§ **Description of the task**: Write out the listing exactly, from its first line through the line holding "- Kwenye Add", but include none of the pictures.

§ **Recorded data**:
↓
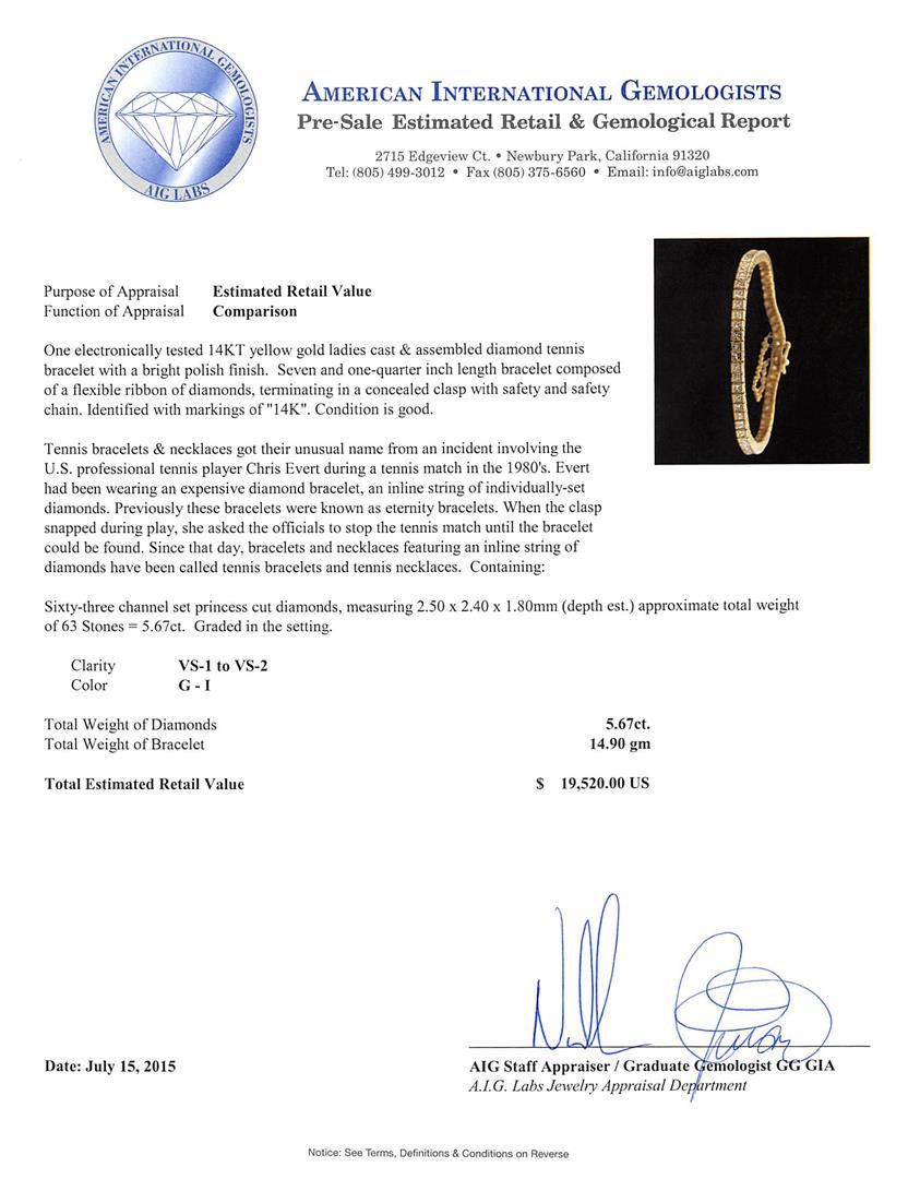 One electronically tested 14KT yellow gold ladies cast & assembled diamond tennis bracelet with a bright polish finish. Seven and one-quarter inch length bracelet composed of a flexible ribbon of diamonds, terminating in a concealed clasp with safety and safety chain. Identified with markings of "14K". Condition is good. Tennis bracelets & necklaces got their unusual name from an incident involving the U.S. professional tennis player Chris Evert during a tennis match in the 1980's. Evert had been wearing an expensive diamond bracelet, an inline string of individually-set diamonds. Previously these bracelets were known as eternity bracelets. When the clasp snapped during play, she asked the officials to stop the tennis match until the bracelet could be found. Since that day, bracelets and necklaces featuring an inline string of diamonds have been called tennis bracelets and tennis necklaces. Containing: Sixty-Three channel set princess cut diamonds, measuring 2.50 x 2.40 x 1.80mm (depth est.) approximate total weight of 63 Stones = 5.67ct. Graded in the setting. Clarity: VS-1 to VS-2. Color: G - I. Total Weight of Diamonds 5.67ct. Total Weight of Bracelet 14.90gm. AIG Appraised at $19,520.00.
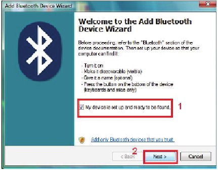 - Kwenye Add Bluetooth™ Device Wizard (Mchawi wa Kuongeza Kifaa cha Bluetooth™) chagua My device is set up and ready to be found (Kifaa changu kimewekwa na kiko tayari kupatikana) na ubofye Next (Inayofuata).
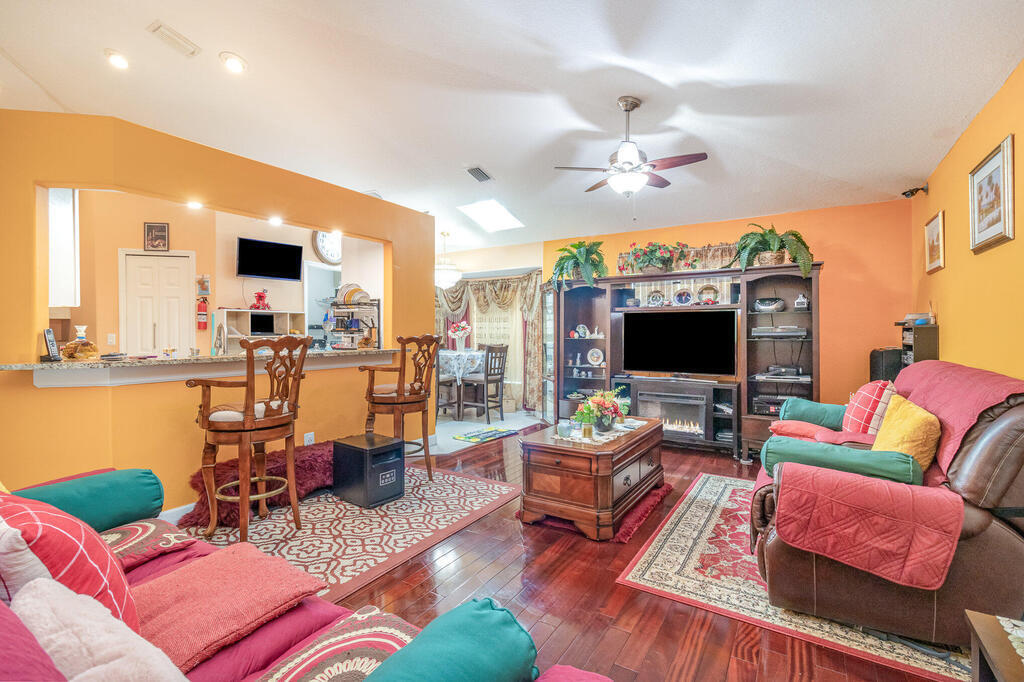 UPGRADES GALORE IN THIS ONE OWNER BEAUTY! THE HOME HAS BEEN WELL CARED FOR AND IT SHOWS WITH MANY TASTEFUL UPDATES TO KEEP IT IN PRISTINE CONDITION. BRIGHT, BEAUTIFUL COLORS ACCENTUATE THE SPACIOUS 3/2/2 WITH DEN FLOOR PLAN . UPGRADES/FEATURES INCLUDE CITY WATER, UPDATED KITCHEN 2021, 6 YR OLD ROOF, BAY WINDOWS, VAULTED CEILINGS, GORGEOUS MAHOGANY FLOORS, TILE IN KITCHEN AND BATHS, LAUNDRY ROOM, 10X10 SHED WITH POWER, ACCORDION STORM SHUTTERS, SEC SYSTEM W/CAMERAS, FENCED YARD, TILED GARAGE, SCREENED GARAGE DOOR OPENING, TILED/SCREENED FRONT PORCH, BACK PORCH ENCLOSED WITH GLASS WINDOWS & TILED AND WELL WITH SPRINKLER SYSTEM! ENJOY A MINIMAL FPL BILL THANKS TO THE $30, 000+ IN SOLAR THAT IS PAID IN FULL! THIS OWNER HAS SPENT THOUSANDS ON HER DREAM HOME BUT IS NOW READY TO DOWNSIZE. FANTASTIC LOCATION ON A QUIET STREET IN THE POPULAR UNIT 50 AREA.
↑
§ **Result of this task**:
 One electronically tested 14KT yellow gold ladies cast & assembled diamond tennis bracelet with a bright polish finish. Seven and one-quarter inch length bracelet composed of a flexible ribbon of diamonds, terminating in a concealed clasp with safety and safety chain. Identified with markings of "14K". Condition is good. Tennis bracelets & necklaces got their unusual name from an incident involving the U.S. professional tennis player Chris Evert during a tennis match in the 1980's. Evert had been wearing an expensive diamond bracelet, an inline string of individually-set diamonds. Previously these bracelets were known as eternity bracelets. When the clasp snapped during play, she asked the officials to stop the tennis match until the bracelet could be found. Since that day, bracelets and necklaces featuring an inline string of diamonds have been called tennis bracelets and tennis necklaces. Containing: Sixty-Three channel set princess cut diamonds, measuring 2.50 x 2.40 x 1.80mm (depth est.) approximate total weight of 63 Stones = 5.67ct. Graded in the setting. Clarity: VS-1 to VS-2. Color: G - I. Total Weight of Diamonds 5.67ct. Total Weight of Bracelet 14.90gm. AIG Appraised at $19,520.00.
 - Kwenye Add Bluetooth™ Device Wizard (Mchawi wa Kuongeza Kifaa cha Bluetooth™) chagua My device is set up and ready to be found (Kifaa changu kimewekwa na kiko tayari kupatikana) na ubofye Next (Inayofuata).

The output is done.